BEGIN
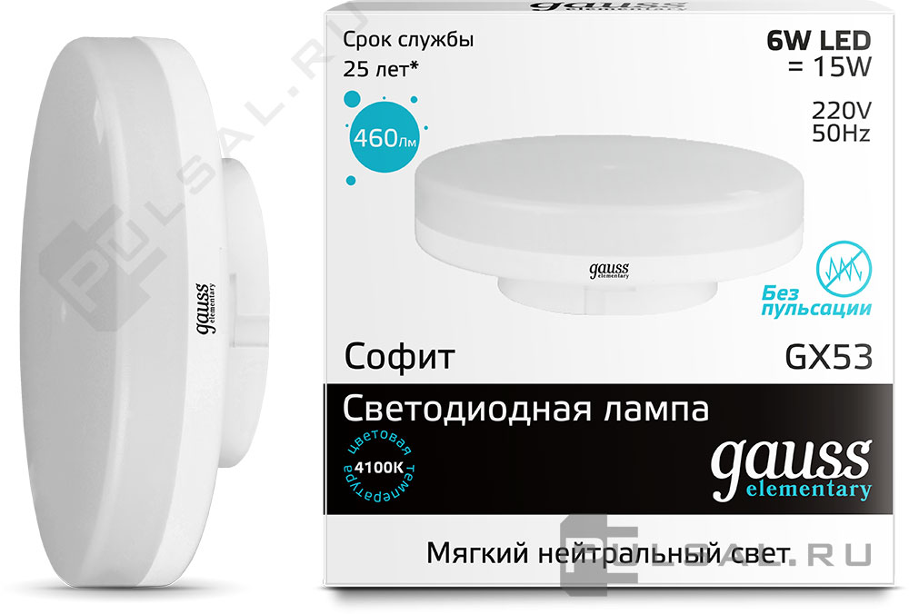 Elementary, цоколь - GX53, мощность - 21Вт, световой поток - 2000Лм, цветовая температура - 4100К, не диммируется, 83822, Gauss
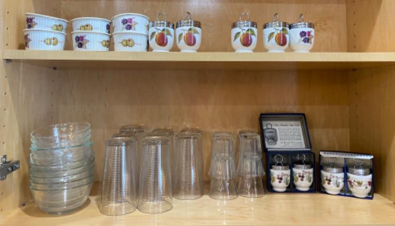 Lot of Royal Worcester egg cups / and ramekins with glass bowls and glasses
END
BEGIN
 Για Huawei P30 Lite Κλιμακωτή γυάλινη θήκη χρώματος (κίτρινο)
END
BEGIN
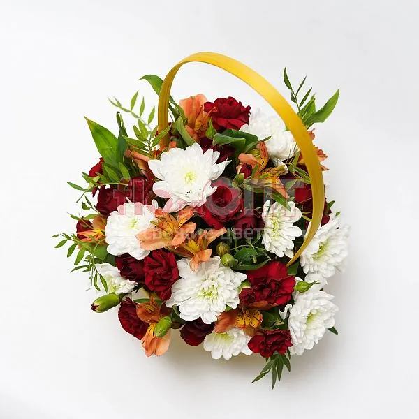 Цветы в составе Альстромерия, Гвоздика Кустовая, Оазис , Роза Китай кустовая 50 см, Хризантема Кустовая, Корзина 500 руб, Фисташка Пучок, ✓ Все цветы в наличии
END
# ACTIVITY
Nothing outside the stretch above, from the line with "Elementary, цоколь - GX53, мощность" through the line with "Lot of Royal", is set down. Transcribe that stretch exactly, ends included, but not its pictures.

# SOLUTION FOR THIS TASK
 Elementary, цоколь - GX53, мощность - 21Вт, световой поток - 2000Лм, цветовая температура - 4100К, не диммируется, 83822, Gauss
 Lot of Royal Worcester egg cups / and ramekins with glass bowls and glasses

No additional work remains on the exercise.